Key physical features
Homo habilis had a larger brain than earlier human ancestors and this is reflected in significant changes to the shape of the skull. However, many other features including limb proportions are similar to those of the earlier australopithecine ancestors.
Body size and shape
- body proportions were similar to those of australopithecines with females growing to about 110 centimetres and males to about 130 centimetres in height.
- brain averaged 610 cubic centimetres in size, representing 1.7 per cent of their body weight.
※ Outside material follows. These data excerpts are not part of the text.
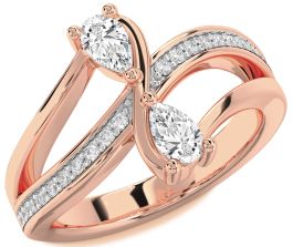 This elegant promise ring features a modern bypass design with a sleek, open-shank silhouette in yellow gold. Two teardrop-shaped gemstones—one a dazzling white and the other a serene blue—face each other in perfect harmony. Accented by a sparkling row of pavé-set diamonds that trace the curves of the band, this promise ring symbolizes unity, trust, and enduring love.
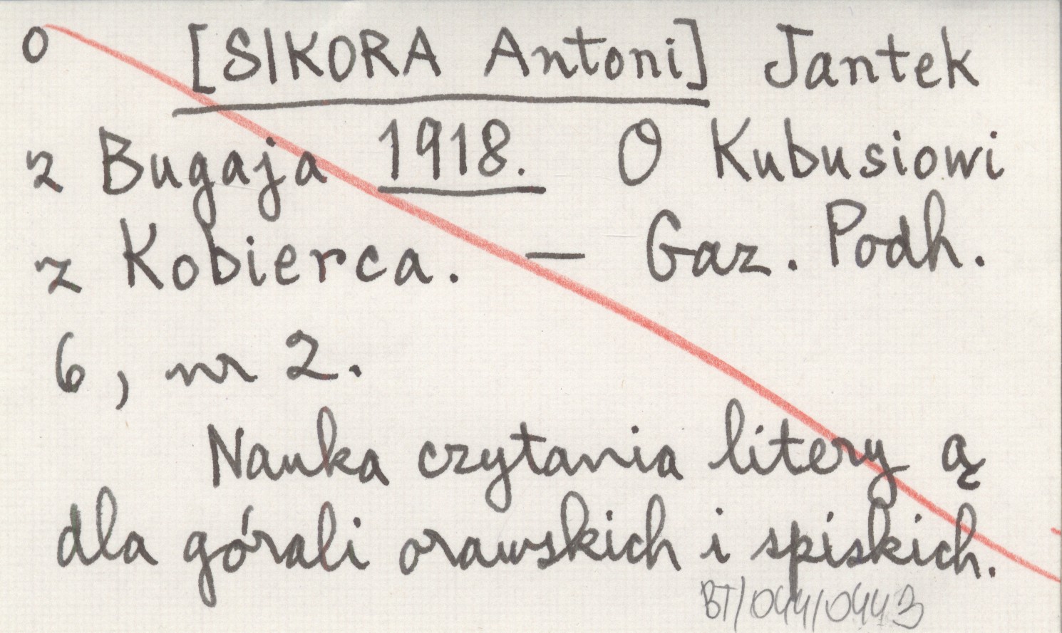Jantek z Bugaja [SIKORA Antoni ks.] 1918... O Kubusiowi z Kocierca.
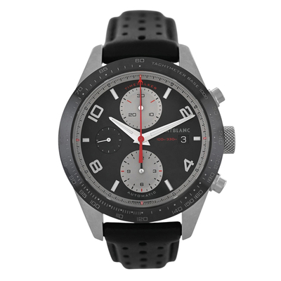 A pre-owned ladies automatic chronograph watch from the Montblanc Timewalker series. Features a black dial with silver-tone hands, Arabic numeral and index hour markers, luminous indicators, date display at 3 o'clock, fixed black ceramic bezel with tachymeter scale, sapphire crystal glass, round case size of 41 mm in silver-toned stainless steel, black leather strap with buckle clasp, Swiss movement Calibre MB 25.07 containing 25 jewels and operating at 28800 vph (60,000 bpm), approx 46-hour power reserve, solid case back, water resistant to 100 meters.
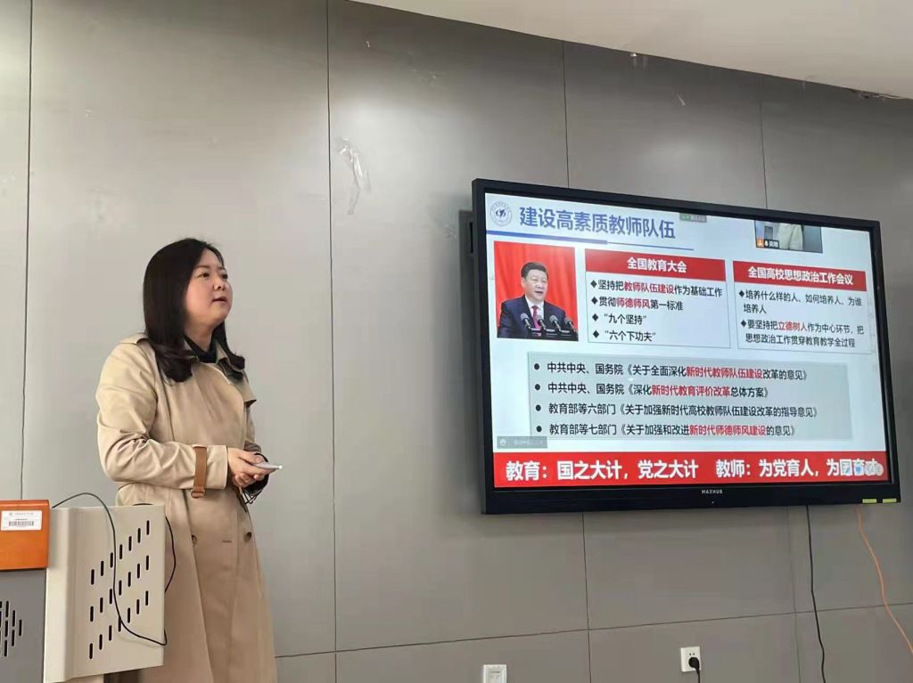 会议邀请了三位校机关部处领导做专题报告,分别是人事处/教师工作部李丹副部长做“做一名“四有”好老师”专题报告,研究生管理处王扬副处长做“精准发力,构建体系,提升研究生思政育人实效”专题报告,研究生院培养处蔡军副处长做“公司产品全过程质量保障体系的系列文件制定(修订)情况介绍”专题报告。李丹副部长首先带领大家学习了习近平总书记关于高校教师队伍建设的重要指示精神,重点学习了习近平总书记对“好老师”的阐述,随后介绍了公司“立德树人奖”的设立和运行情况以及几位获奖教师的育人典范事迹,最后列举若干师德失范行为,并介绍公司师德考核工作安排。王扬副部长首先带领大家学习了中央对高校思想政治工作的要求,阐述了研究生导师的职责,随后介绍了公司研究生思政工作的整体情况和现状,最后重点讲解公司“三横三纵”员工工作体系、研究生导学关系建设总体方案及公司各部门协同联动工作方案。蔡军副处长介绍了2021年公司人才培养大会确定的今年两大任务:研究生全过程培养质量管理及改进研究生导学关系,随后介绍了公司产品全过程质量保障体系的系列文件制定及修订工作进展,并对相关文件制度逐一做了要点解读,最后对公司后续相关工作安排做了介绍。
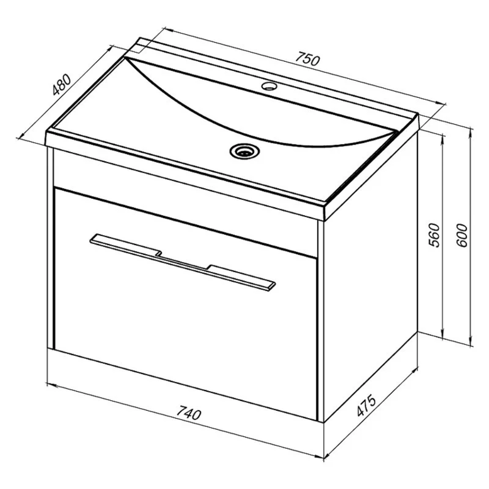 Тумба под раковину Aquanet Августа 75, подвесная, белый глянец, 00274144
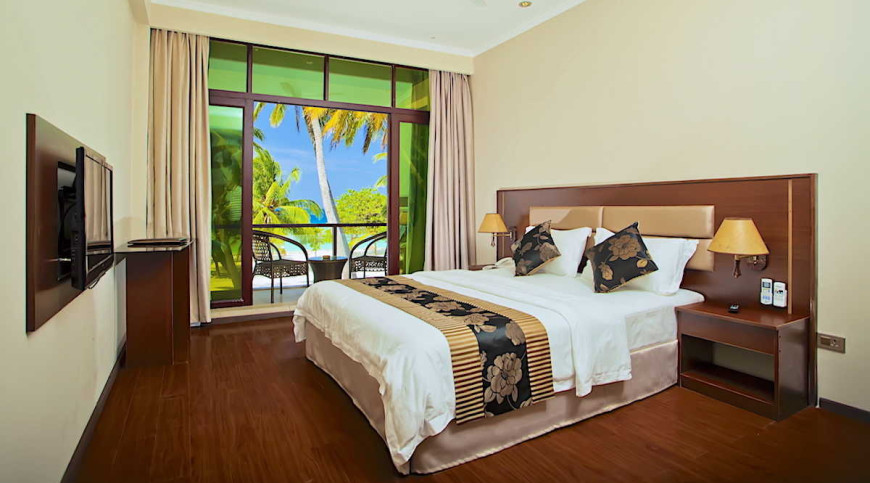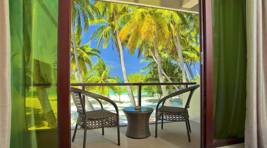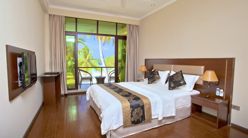 These Rooms offer a private balcony overlooking the Indian Ocean for colorful Maldivian sunsets. All Rooms have coffee table, chairs and a bathroom with rain Shower. Rooms are fully equipped with 32" Led TV with satellite channels, personal safe, mini bar, Air conditioning, hairdryer and Free WIFI.
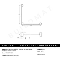 Nero Mecca Care 32mm Ambulant Toilet Grab Rail 90 Degree 450x450mm Brushed Gunmetal
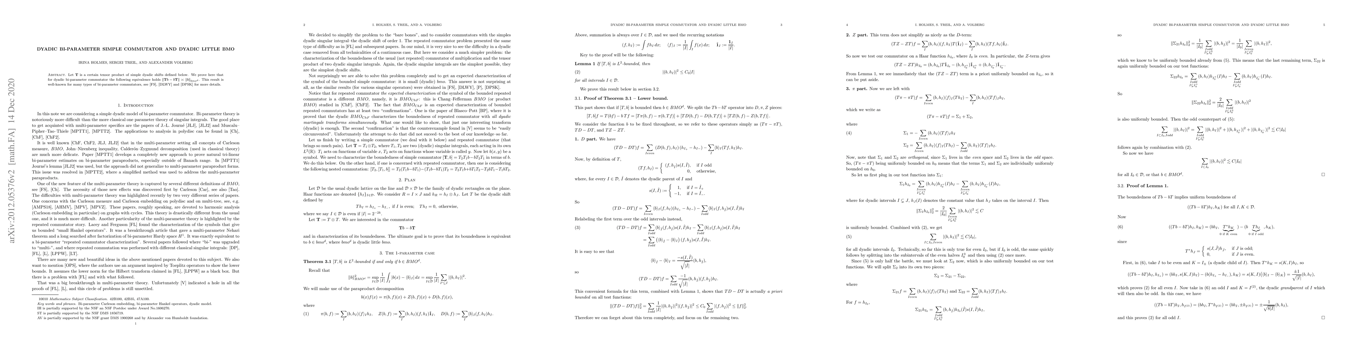 Researchers prove an equivalence between a bi-parameter commutator's norm and a function's bmo^d norm, with implications for understanding bi-parameter operators in harmonic analysis.
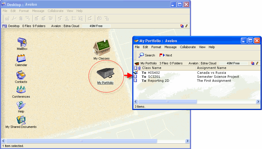 The student's Portfolio is a collection of work the student has completed. It may showcase student achievement, or provide a sample of current work. Work is added to the Portfolio by being dragged from the Mailbox.
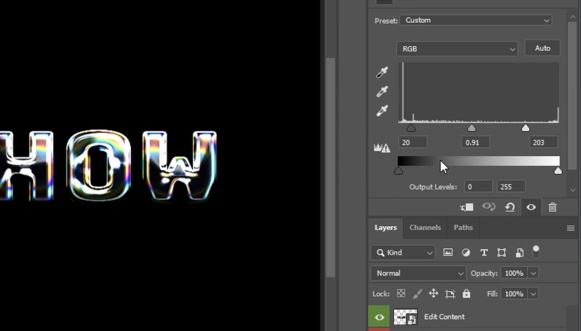 Edit the colors, contrast, luminosity and levels of your chrome effect
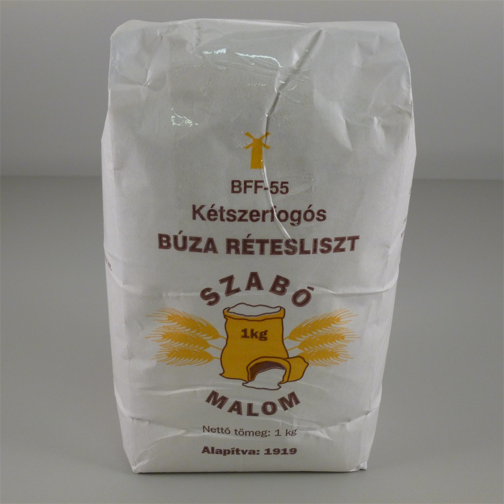 SZABÓ MALOM BÚZA RÉTESLISZT BFF-55 Durvábban szemcsézett búza rétesliszt. Kiválóan alkalmas finom házi sütemények készítéséhez, galuska, túrógombóc stb. készítéséhez.
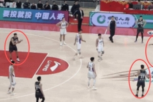 姜偉澤示意壓時間,摩爾指籃下要球的曾繁日 姜偉澤突然傳球給曾繁日扣空籃
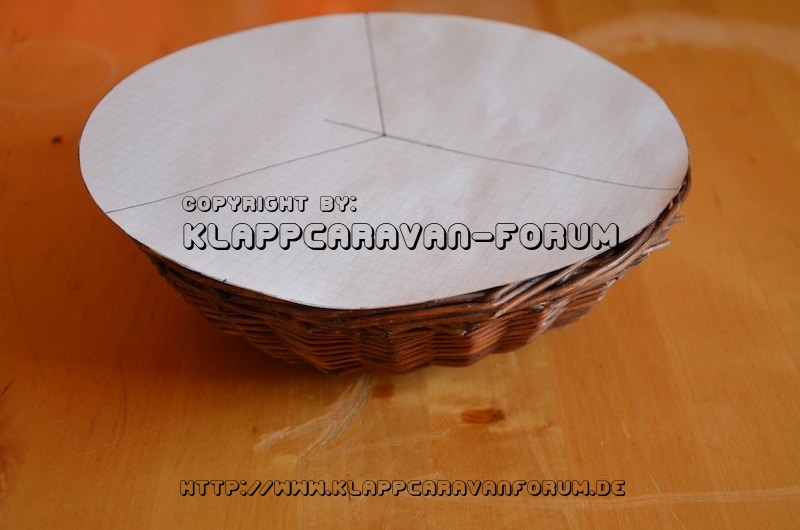 Die Körbe sollen an drei gleich langen Ketten hängen. Drei deshalb, weil dann nicht die Gefahr besteht, dass eine der Ketten etwas durchhängen könnte. Das ist wie bei dreibeinigen Tischen - die wackeln auch nie! Nach Ermittlung von Länge der Ketten und Abstand der Körbe zueinander werden die Schlüsselringe an die Ketten angebracht. Die Maße muss jeder für sich entscheiden. Dann werden die Schlüsselringe in den oberen Rand der Körbe eingedreht. Damit die Ringe immer den gleichen Abstand zueinander haben, habe ich eine Kreisschablone gebastelt, auf der drei Radien (Winkel zwischen 2 Radien: 120 Grad) aufgezeichnet sind. Das erscheint mir zuverlässiger als Augenmaß.

This was a significant increase compared to australopithecine brains.
- brain case had become fuller and more rounded due to expansion of the brain
- beginnings of a slight forehead were appearing
- face had a small, arched brow ridge and was smaller and shorter than those of earlier ancestors
- hole for the spinal cord was located in the centre of the skull base, showing that this species walked on two legs
- facial projection was reduced compared with earlier species
Jaws and teeth
- jaw was smaller than those found in the earlier australopithecines
- teeth were arranged in a more rounded arc like those of modern humans
- teeth had become smaller and more human-like, although the incisors were still relatively large
- features of the leg and foot bones indicate that this species walked on two legs.
- legs were relatively short, providing this species with arm and leg proportions that were relatively ape-like and similar to those of the australopithecines.
- finger bones are slightly curved and intermediate in shape between the curved finger bones of quadrupedal apes and the straight finger bones of modern humans
- finger bone proportions suggest the human-like ability to form a precision grip
How they lived
Homo habilis may have been the first of our ancestors to make stone tools. This represented a significant change in mental capabilities and a shift toward new survival strategies.
The first crude stone tools consisting of simple choppers, core tools and scrapers were made as early as 2.6 million years ago and are classified as Mode 1 technology. It is uncertain who the makers of these earliest stone tools were. The tool makers may have been early populations of Homo habilis or they may have been made by another species. One such candidate is represented by the fossil AL 666-1, which has been provisionally named Homo sp. (meaning a human whose species is currently unknown).
Mode 1 technology includes core tools, choppers and smaller flakes used as scrapers. They are often called Oldowan stone tools as the first discoveries of these tools occurred at Oldoway (now Olduvai) Gorge, Tanzania in east Africa. These tools were a simple progression from the use of sticks and natural, unmodified stones that our earliest ancestors probably used. The chopping or cutting edges on Oldowan tools were created by using one stone (the hammerstone) to strike another (the core) in order to remove one or more rock fragments (flakes).
Environment and diet
Homo habilis lived in a predominantly grassland environment. The climate was becoming cooler and drier and this may have been the impetus for new feeding strategies that included scavenging and tool use. Chemical analysis suggests that this species was mainly vegetarian but did include some meat in their diet.